Of course, there’s nothing to say they can’t do this—they’re not breaking the law if they spot a bargain in a charity shop and sell it for a profit on such as eBay or Vinted. Morally, however, it may sit with other people easier than others. This seems to be what charity shops have cottoned on to—if someone is going to profit from a charity shop treasure, why shouldn’t it be them, which, in turn, benefits people who genuinely need help?

There isn’t a straightforward answer to this, as you could argue that people on a very low income could be just as entrepreneurial as the side hustlers and reap the profit of a bargain themselves. However, most of these people suffer from debilitating illnesses and they don’t have the physical capability or perhaps the understanding to create a sales listing online, nor the funds to sink into an item in readiness of its sale—because, what if it doesn’t sell? They’ve tied their money up in that item, which might represent their food budget for the day/week. It’s too much of a risk.

It's a worrying thought, that charity shops may no longer be able to price their products low enough for those at the poorer end of the fiscal chart to afford. They’re not looking for designer clothes…they may just need school uniform for their child or an outdoor coat for the winter. If prices have risen across the shop, though, even these things may be out of their reach. The increase may only be a pound here or there, but if you’ve never lived on a strict budget, you’ll have no idea how this can still be out of reach for some people. So, what do they do then? Charity shops have been the last bastion of support for years now.

I spoke recently about how a charity shop in Melton had cranked things up a gear and created a space you’d expect to see from a well-known brand on the high street.

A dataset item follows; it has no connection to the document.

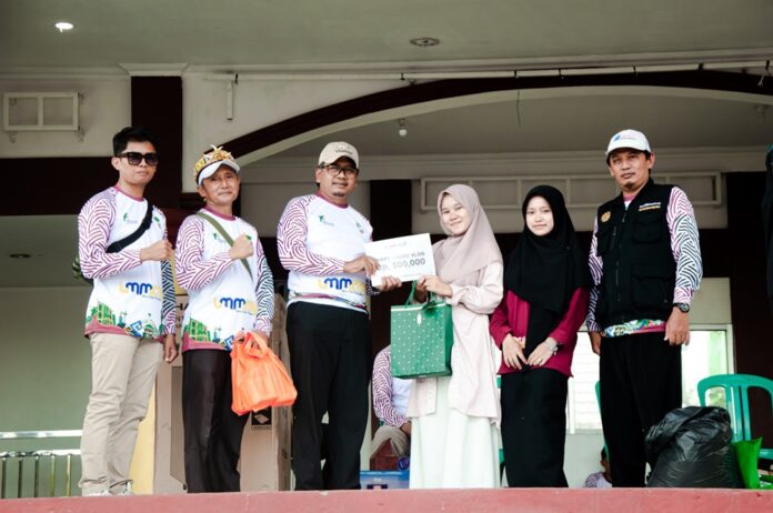 Hadiah berupa uang pembinaan, piagam penghargaan, dan merchandise diserahkan oleh Dr. Mukhtar Hadi, M.Si., didampingi Ketua MPI PDM Kota Metro, di panggung pembagian doorprize peserta pawai di Samber Park, Jumat (28/11/2025).

Aesthetically-pleasing, with the appearance of a TK Maxx, this shop is clearly aiming for a different class of shopper—those who can afford to spend more. This is great in one way, as more and more households, who perhaps wouldn’t have shopped in a charity shop before, are turning away from fast fashion and overspending in the current cost-of-living crisis in favour of charity shops as they also feel the pinch. However, as I’ve already mentioned, if every charity shop did this, where would that leave the vulnerable in our society who absolutely rely on them?